*** GIVEN RECORDS ***

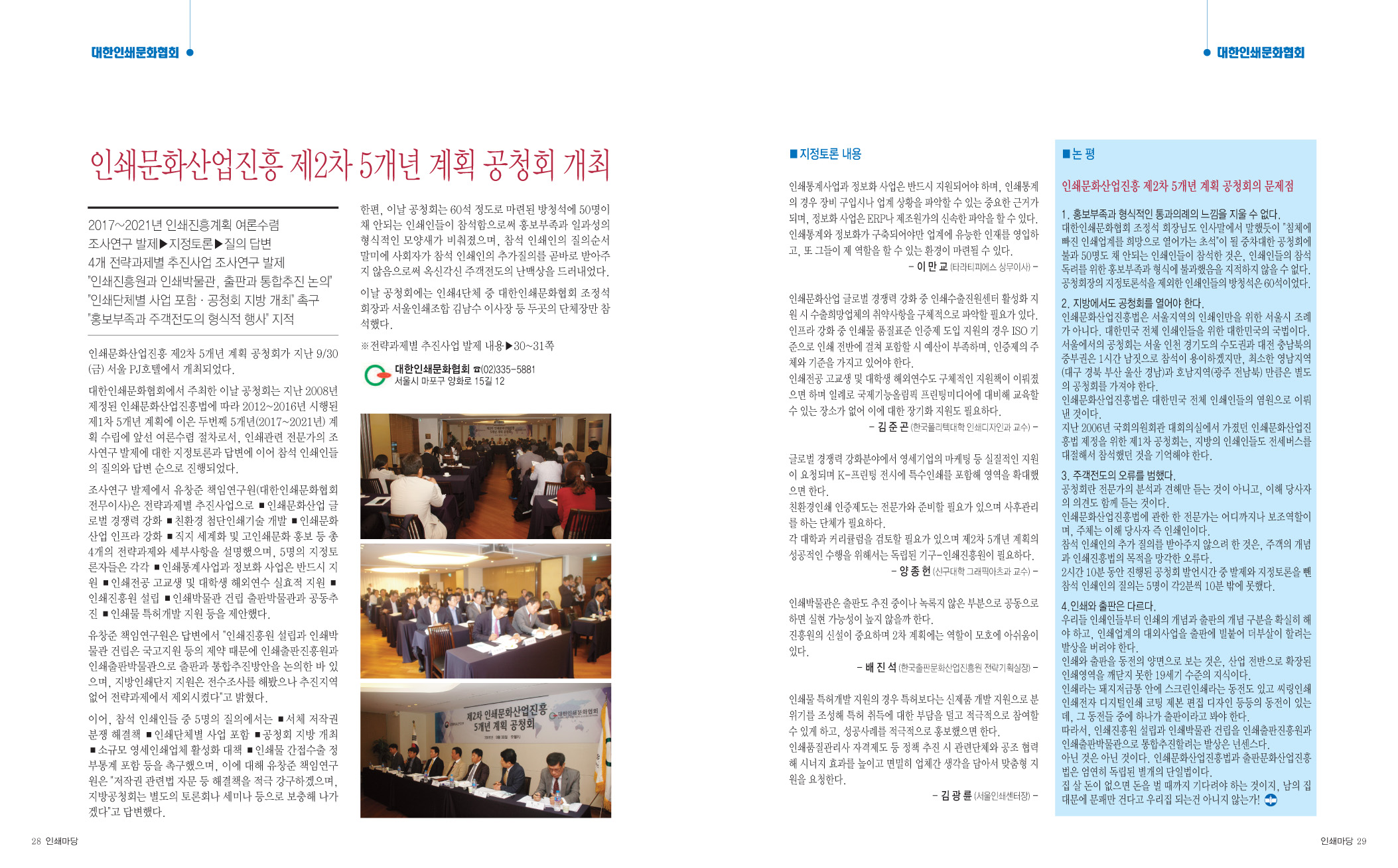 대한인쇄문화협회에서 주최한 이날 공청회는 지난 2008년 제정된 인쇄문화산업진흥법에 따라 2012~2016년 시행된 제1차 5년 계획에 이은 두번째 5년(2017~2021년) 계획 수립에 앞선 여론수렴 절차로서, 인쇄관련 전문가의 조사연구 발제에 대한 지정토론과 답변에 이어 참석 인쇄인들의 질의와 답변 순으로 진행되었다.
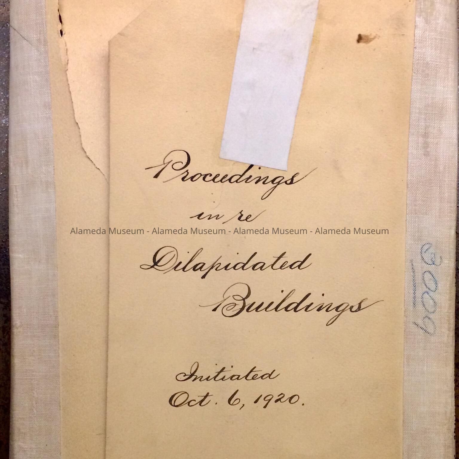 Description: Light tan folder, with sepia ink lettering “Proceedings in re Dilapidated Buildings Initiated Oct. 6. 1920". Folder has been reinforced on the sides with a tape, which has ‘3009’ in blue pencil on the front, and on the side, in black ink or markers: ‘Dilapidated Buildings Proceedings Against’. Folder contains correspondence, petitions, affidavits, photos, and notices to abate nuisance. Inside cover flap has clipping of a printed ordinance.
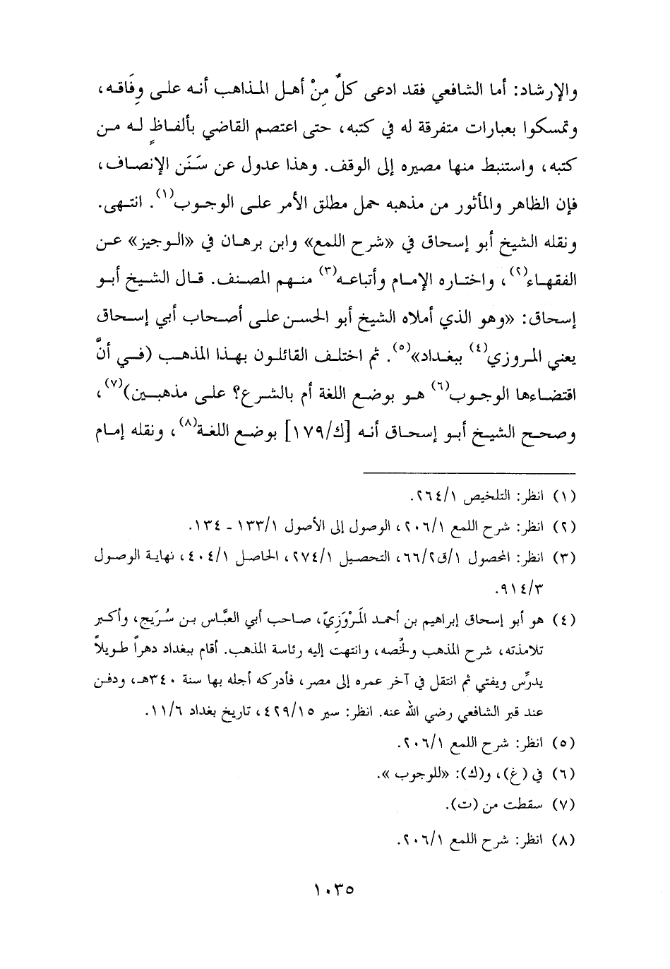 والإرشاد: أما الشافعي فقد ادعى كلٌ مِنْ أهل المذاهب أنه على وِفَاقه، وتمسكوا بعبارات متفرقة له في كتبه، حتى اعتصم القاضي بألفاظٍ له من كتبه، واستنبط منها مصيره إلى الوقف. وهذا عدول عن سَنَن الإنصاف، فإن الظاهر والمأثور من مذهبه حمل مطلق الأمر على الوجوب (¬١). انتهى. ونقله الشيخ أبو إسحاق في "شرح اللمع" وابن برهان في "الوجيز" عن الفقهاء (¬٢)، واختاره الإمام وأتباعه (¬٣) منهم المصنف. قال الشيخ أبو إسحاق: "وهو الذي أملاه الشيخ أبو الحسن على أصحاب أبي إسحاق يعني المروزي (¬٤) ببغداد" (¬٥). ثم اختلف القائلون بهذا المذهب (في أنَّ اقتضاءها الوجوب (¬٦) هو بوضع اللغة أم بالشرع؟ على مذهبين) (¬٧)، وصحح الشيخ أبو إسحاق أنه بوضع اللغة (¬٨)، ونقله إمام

***
*** GIVEN RECORDS ***

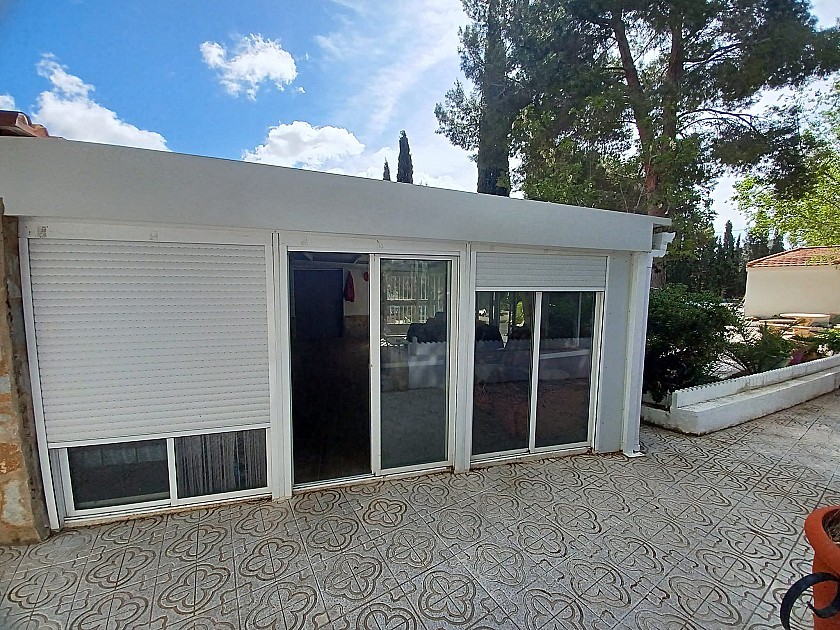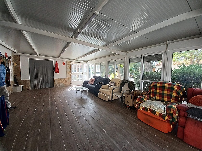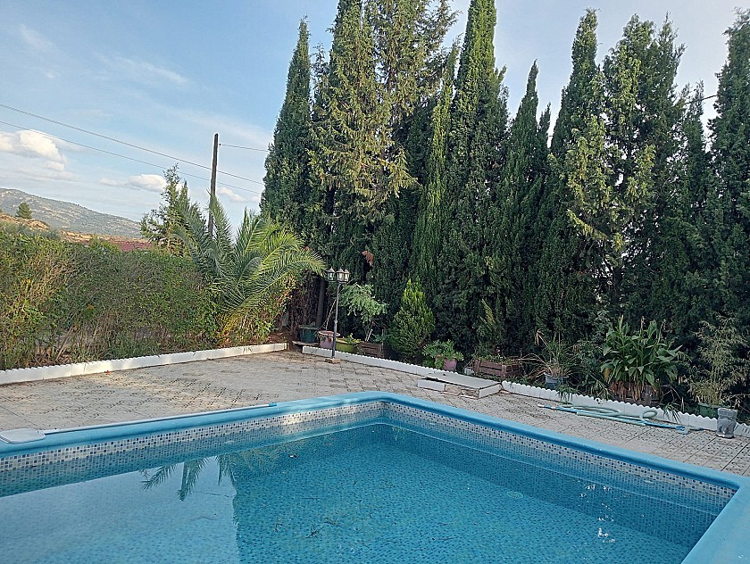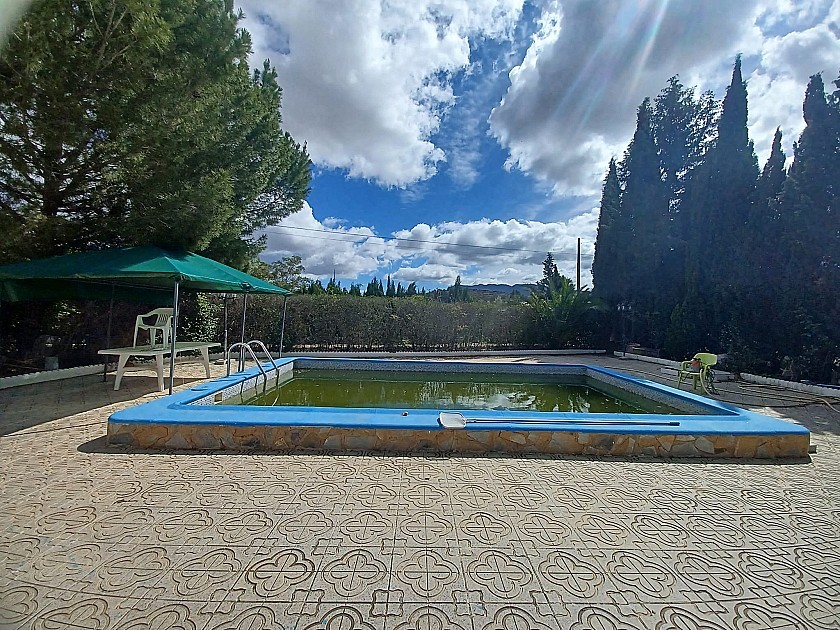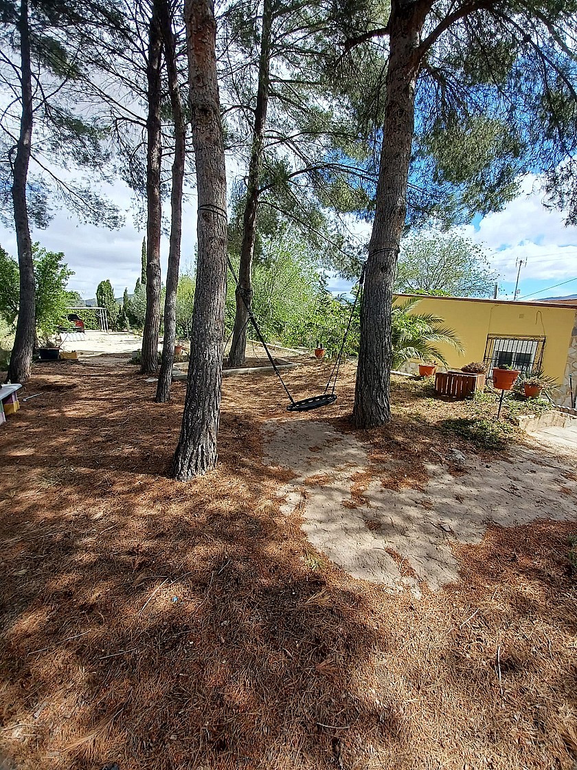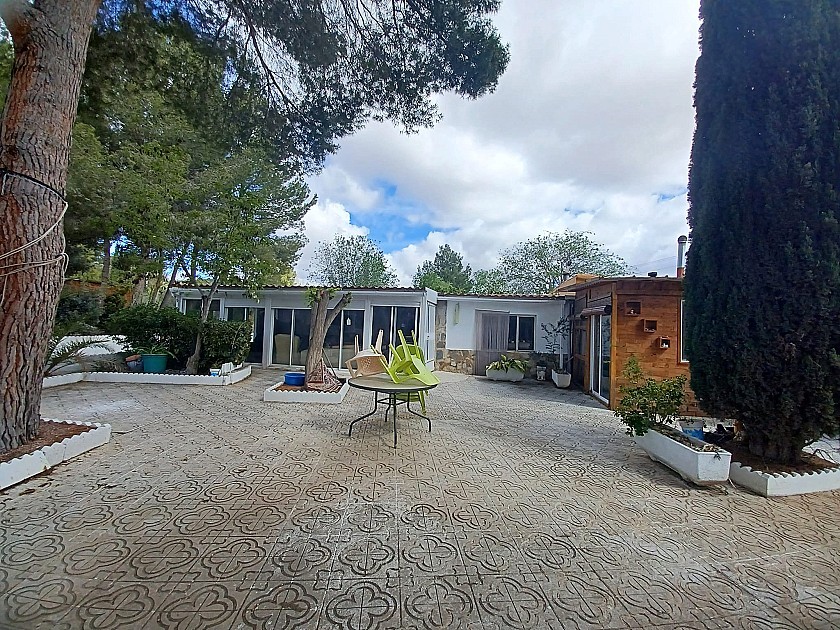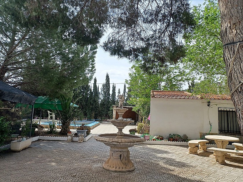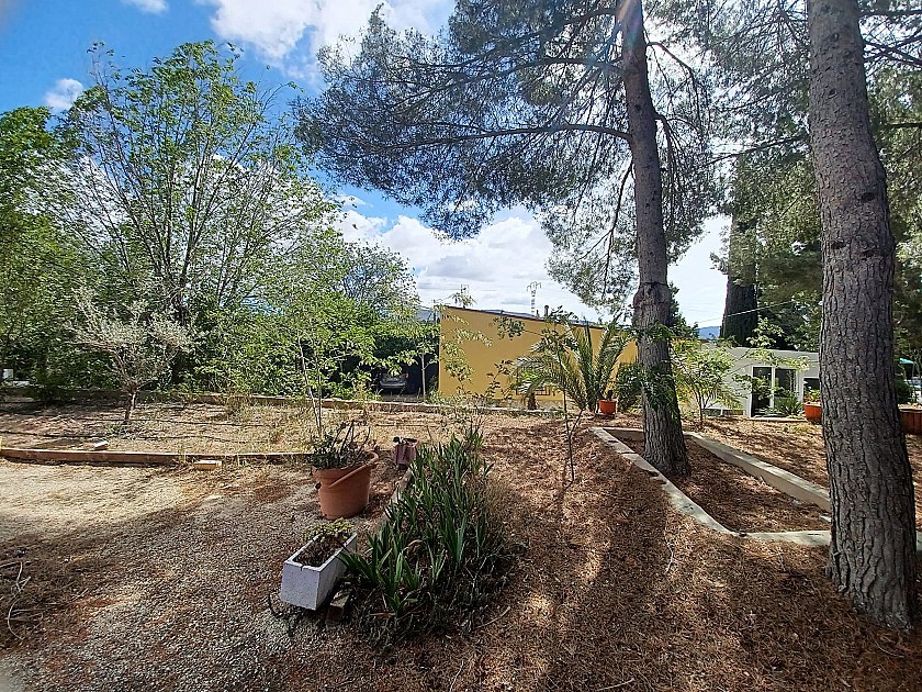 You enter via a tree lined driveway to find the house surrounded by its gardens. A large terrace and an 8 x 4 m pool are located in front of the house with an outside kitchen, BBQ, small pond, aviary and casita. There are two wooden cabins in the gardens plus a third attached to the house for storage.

***
*** GIVEN RECORDS ***

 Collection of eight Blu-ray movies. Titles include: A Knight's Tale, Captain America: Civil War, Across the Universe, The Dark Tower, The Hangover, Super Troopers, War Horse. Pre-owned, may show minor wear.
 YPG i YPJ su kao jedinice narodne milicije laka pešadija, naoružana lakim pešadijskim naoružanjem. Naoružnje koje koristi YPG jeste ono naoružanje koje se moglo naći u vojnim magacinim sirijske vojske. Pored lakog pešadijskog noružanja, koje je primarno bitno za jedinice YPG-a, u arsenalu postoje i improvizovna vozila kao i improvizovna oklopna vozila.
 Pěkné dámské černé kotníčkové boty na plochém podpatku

***

WORK TASK: In the material above, one part opens with the line containing "대한인쇄문화협회에서 주최한 이날" and closes with the line containing "والإرشاد: أما الشافعي". Write out that part exactly and skip its pictures.

EXERCISE OUTPUT:
 대한인쇄문화협회에서 주최한 이날 공청회는 지난 2008년 제정된 인쇄문화산업진흥법에 따라 2012~2016년 시행된 제1차 5년 계획에 이은 두번째 5년(2017~2021년) 계획 수립에 앞선 여론수렴 절차로서, 인쇄관련 전문가의 조사연구 발제에 대한 지정토론과 답변에 이어 참석 인쇄인들의 질의와 답변 순으로 진행되었다.
 Description: Light tan folder, with sepia ink lettering “Proceedings in re Dilapidated Buildings Initiated Oct. 6. 1920". Folder has been reinforced on the sides with a tape, which has ‘3009’ in blue pencil on the front, and on the side, in black ink or markers: ‘Dilapidated Buildings Proceedings Against’. Folder contains correspondence, petitions, affidavits, photos, and notices to abate nuisance. Inside cover flap has clipping of a printed ordinance.
 والإرشاد: أما الشافعي فقد ادعى كلٌ مِنْ أهل المذاهب أنه على وِفَاقه، وتمسكوا بعبارات متفرقة له في كتبه، حتى اعتصم القاضي بألفاظٍ له من كتبه، واستنبط منها مصيره إلى الوقف. وهذا عدول عن سَنَن الإنصاف، فإن الظاهر والمأثور من مذهبه حمل مطلق الأمر على الوجوب (¬١). انتهى. ونقله الشيخ أبو إسحاق في "شرح اللمع" وابن برهان في "الوجيز" عن الفقهاء (¬٢)، واختاره الإمام وأتباعه (¬٣) منهم المصنف. قال الشيخ أبو إسحاق: "وهو الذي أملاه الشيخ أبو الحسن على أصحاب أبي إسحاق يعني المروزي (¬٤) ببغداد" (¬٥). ثم اختلف القائلون بهذا المذهب (في أنَّ اقتضاءها الوجوب (¬٦) هو بوضع اللغة أم بالشرع؟ على مذهبين) (¬٧)، وصحح الشيخ أبو إسحاق أنه بوضع اللغة (¬٨)، ونقله إمام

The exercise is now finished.